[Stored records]

______

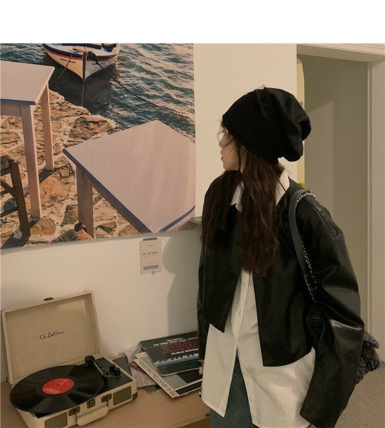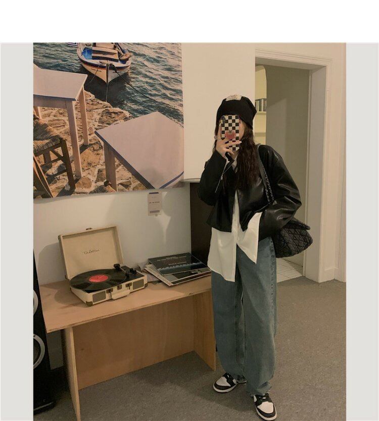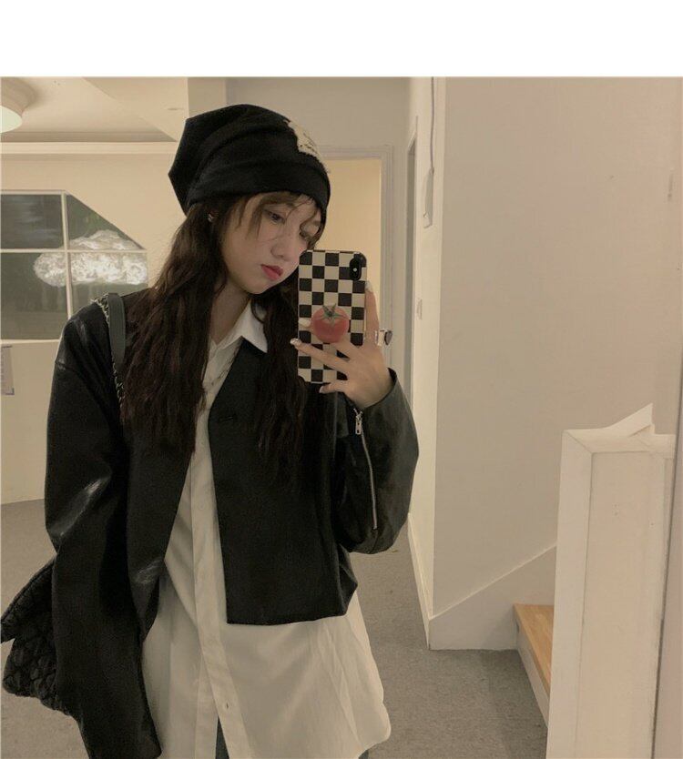 ルーズ韓国ファッションブラックレザージャケット スプリングショーツ トップス 春物 スタイル MONROE31132088708
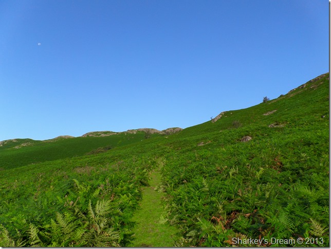 The track is very pleasant within the shade of the greenery if not a little wet underfoot, here I head for the low point just above the tree in the left of the picture where I will make my first ascent of the morning, after that, my next ascent will be ‘Pen’ which is well over three miles away. |
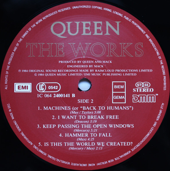 Back sleeve: Marketed, manufactured and distributed by EMI. Printed in Germany by 4P Nicolaus GmbH, Köln
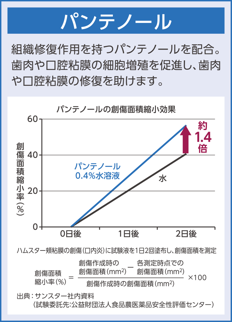 パンテノール | 4mg | 歯肉や口腔粘膜の新陳代謝を促進し、正常な組織へ回復させる(組織修復作用) |
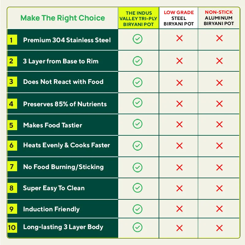 | The Indus Valley Tri-ply Cookware | Low Grade Steel Kadai | Non-stick Aluminium Kadai | |
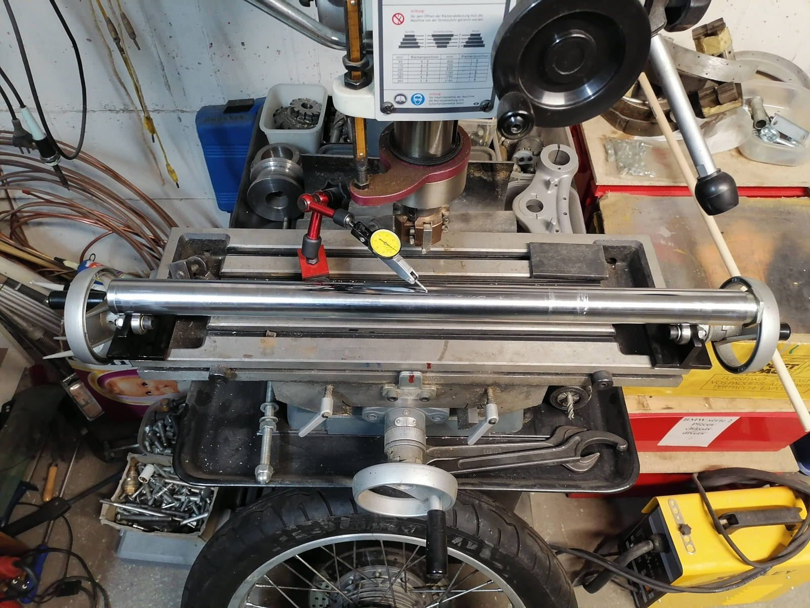 Vérification de la rectitude des tubes de fourche avant et redressage à la presse si besoin

______

• WHAT THE TASK ASKS:
Look above for the line with "Back sleeve: Marketed, manufactured", then print it and each line after it down to and including the line with "Aluminium Kadai | |". Leave out the pictures and keep the wording exact.

• ANSWER AREA:
 Back sleeve: Marketed, manufactured and distributed by EMI. Printed in Germany by 4P Nicolaus GmbH, Köln
 パンテノール | 4mg | 歯肉や口腔粘膜の新陳代謝を促進し、正常な組織へ回復させる(組織修復作用) |
 | The Indus Valley Tri-ply Cookware | Low Grade Steel Kadai | Non-stick Aluminium Kadai | |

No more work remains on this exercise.